13.2 On the happening of any such event described in 13.1, if any Units have been delivered but not paid for, the price shall become immediately due and payable notwithstanding any previous agreement or arrangement to the contrary.
13.3 Termination of the Contract, however arising, shall not affect or prejudice the accrued rights of the parties as at termination or the continuation of any provision expressly stated to survive or implicitly surviving termination.
14. Force majeure
Hessle Glazing reserves the right to defer the Delivery Date, or to cancel the Contract if it is prevented from or delayed in carrying on its business by acts, events, omissions or accidents beyond its reasonable control, including without limitation strikes, lock-outs or other industrial disputes (whether involving the workforce of Hessle Glazing or any other party), failure of a utility service or transport network, act of God, onset of or during a pandemic, war, riot, civil commotion, malicious damage, compliance with any law or governmental order, rule, regulation or direction, accident, breakdown of plant or machinery, fire, flood, storm or default of suppliers or sub-contractors (Force Majeure Event).
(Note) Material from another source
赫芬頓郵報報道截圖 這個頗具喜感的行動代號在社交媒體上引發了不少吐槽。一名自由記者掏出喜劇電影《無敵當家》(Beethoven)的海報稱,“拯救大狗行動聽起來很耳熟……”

15. Status of pre-contractual statements
By entering in to the Contract you acknowledge and agree that you do not rely on any undertaking, promise, assurance, statement, representation, warranty or understanding (whether in writing or not) of any person (whether party to this agreement or not) relating to the subject matter of this agreement other than as expressly set out in the Contract.
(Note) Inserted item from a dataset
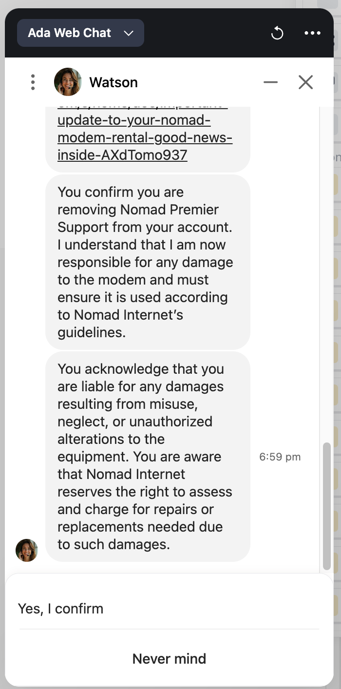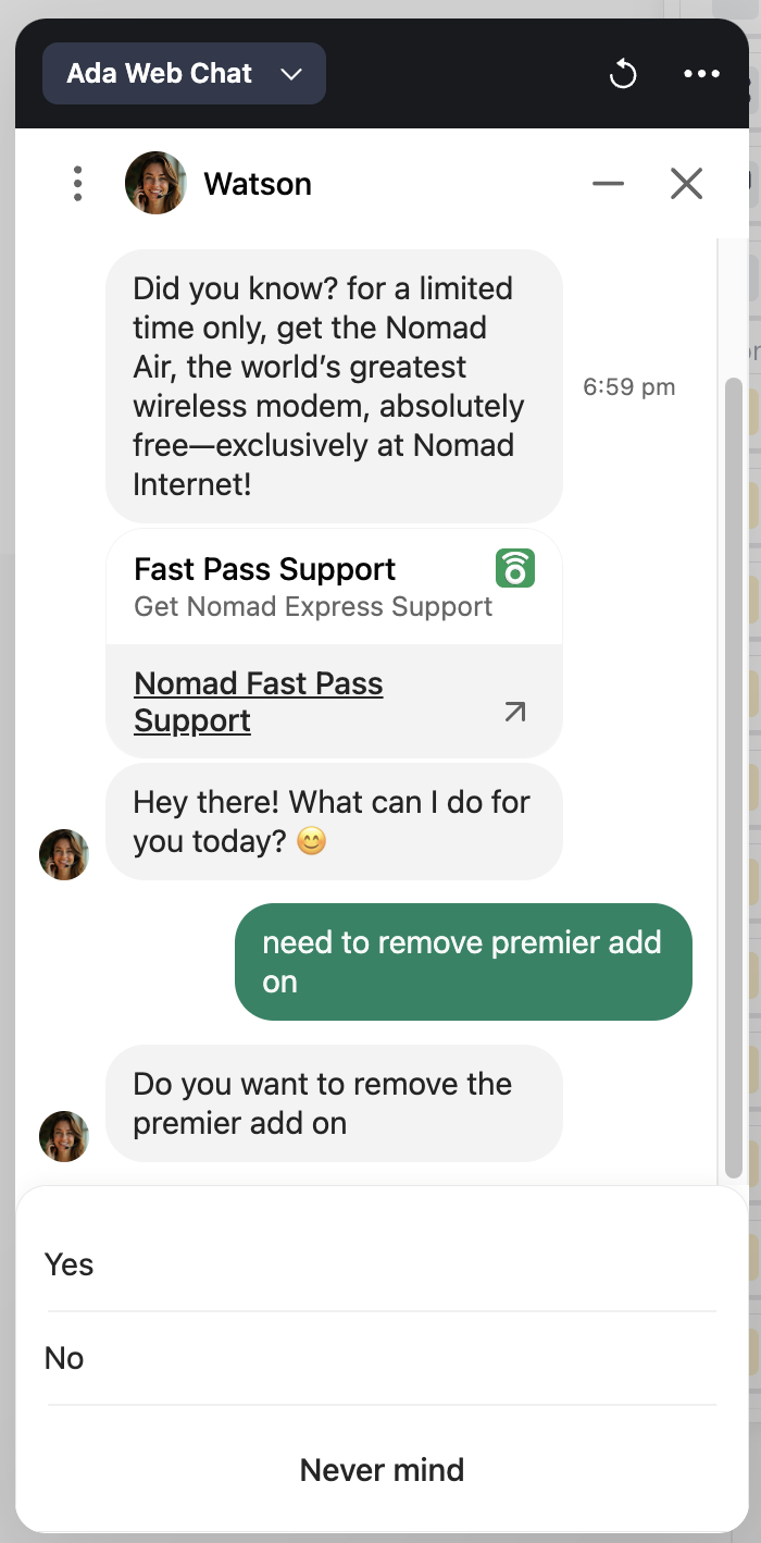Step 2: in the Nomad Live Chat box, type “remove premier add on” and then select the follow menu options

16.1 Hessle Glazing may at any time assign, transfer, charge, sub-contract or deal in any other manner with all or any of its rights or obligations under the Contract.
17. Third party rights
The Contract is made for the benefit of the parties to it and (where applicable) their successors and permitted assigns, and is not intended to benefit, or be enforceable by, anyone else.
18. Governing law and jurisdiction
18.1 The Contract is in all respects governed by and to be construed and interpreted in accordance with the laws of England.